BOINC — Volunteer Computing
Research at Oxford has contributed to the development of the current version of BOINC, a technology to enable secure volunteer computing. This was done as part of the climateprediction.net project which is currently managed as CPDN (Climate Predication Dot Net) through the Oxford e-Research centre supporting international climate modelling. CPDN models climate change using donated cycles on users' computers, with almost 700,000 users registered by 2013. Significant work to develop the technology BOINC in this project has enabled scientists to embrace volunteer computing to solve scientific modelling challenges and BOINC has become recognised as the key open-source resource for volunteer computing, supporting significant international scientific endeavours.
Today is the 4th anniversary of the BOINC-based CPDN, and I'd like to congratulate and thank all the people at Oxford who made it happen, and all the volunteers who courageously ran huge climate models on their PCs. CPDN has been a huge success. There's no more worthwhile scientific goal than investigating the fate of Earth, and CPDN has made critical contributions to this investigation. David Anderson, Director of the BOINC Project, Univ. of California, Berkeley on the 4th anniversary of CPDN.
The early work on distributed computing and security for climateprediction.net in Oxford was initially led by Andrew Martin and Andrew Simpson. After developing prototypes using a local bespoke application platform, the insights and longer-term development were transferred to the BOINC platform in collaboration with its originators at Berkeley. This switch enabled the uptake of the technology to grow enormously, with community users confident of its ability to harvest compute cycles without compromising the security of their PCs, as well as modellers able to develop more complex codes to run out in the community and return timely results. It enabled the public to engage in science in a way which had not been achieved before with thousands of users observing a changing globe graphic on their machines showing the results of their own models running on behalf of the climate scientists. CPDN was and still is producing climate modelling results which are used by the Met Office.
BOINC remains managed as a community-developed tool out of Berkeley. Oxford's contribution is acknowledged by the now head of this group. BOINC is now widely used by scientific communities across the world. According to www.boincstats.com 2,599,338 have installed the BOINC software on their machines and there are currently 272,459 active users. The global reach of the CPDN project using BOINC is significant.
The 20,000 active users contribute approximately 27,000 active hosts, with a combined power of 35 TFlops. Of the 82 BOINC projects, in May 2012 climateprediction.net was the 4th most popular by work-units in progress and 5th in attrac$ Over 129 million simulation-years have been performed since the project's inception and registered users are located in 221 countries. Although the project has been running since Sept 2003, 9 of the 10 busiest days have been since Jan 2008 and currently around 30-40 new users join each day. Since 2008, over 100,000 users have joined and over 60% of the total computational cycles in the project have been donated. Since 2008, 40,702 distinct individual users have successfully completed one or more model simulations. The computing time required for all the model simulations run successfully since 2008 is equivalent to a 32,220 core machine running full time for one year and producing 100% successful results. An estimate of the value of this CPU time is $22.5M, based on the rate of the Amazon Elastic Compute Cloud Standard Spot Instance ($0.08/hour default).
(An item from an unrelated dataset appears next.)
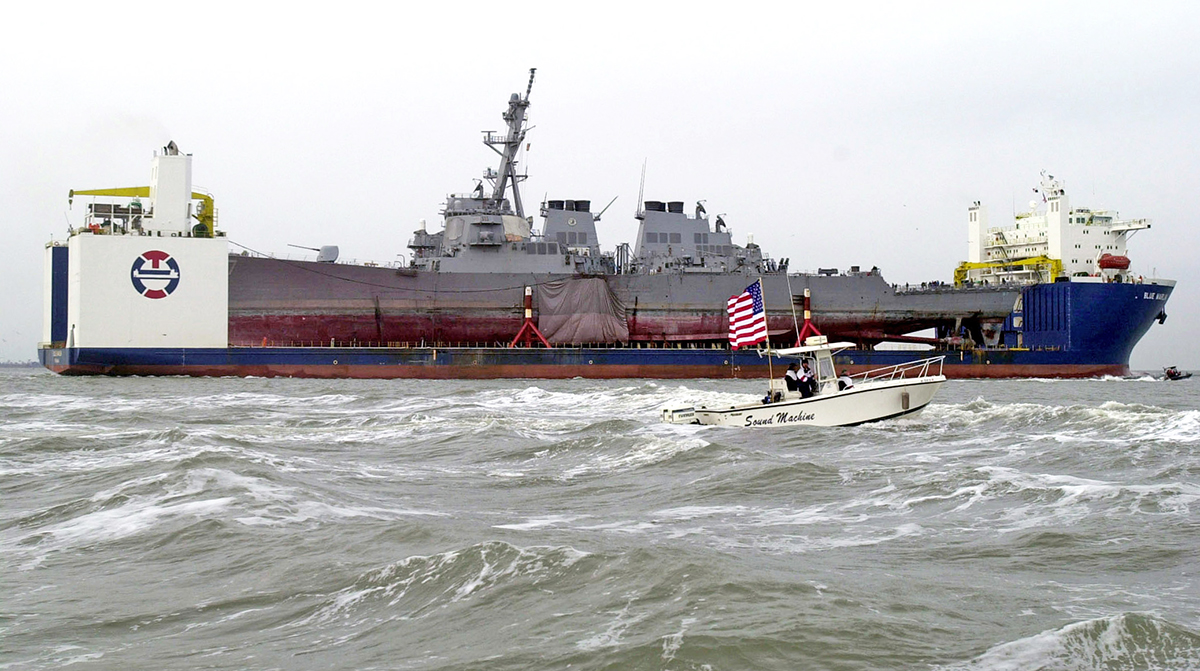 USS Cole being transported by the M/V Blue Marlin following the suicide bomber blast the killed 17 sailors and wounded scores more on October 17th, 2000:

It is estimated that the total CPU time (in seconds) donated to run models using BOINC is 1,016,099,474,571 seconds. This is equal to 32,220 years of CPU time (equivalent to running a 32,220 core machine full-time for one year). The examples above are indicative of how BOINC and 'citizen science' has enabled the public to engage with science and to assist with the scientific breakthroughs achievable by using knowledge and modelling to drive experimental activity this reducing experimental costs.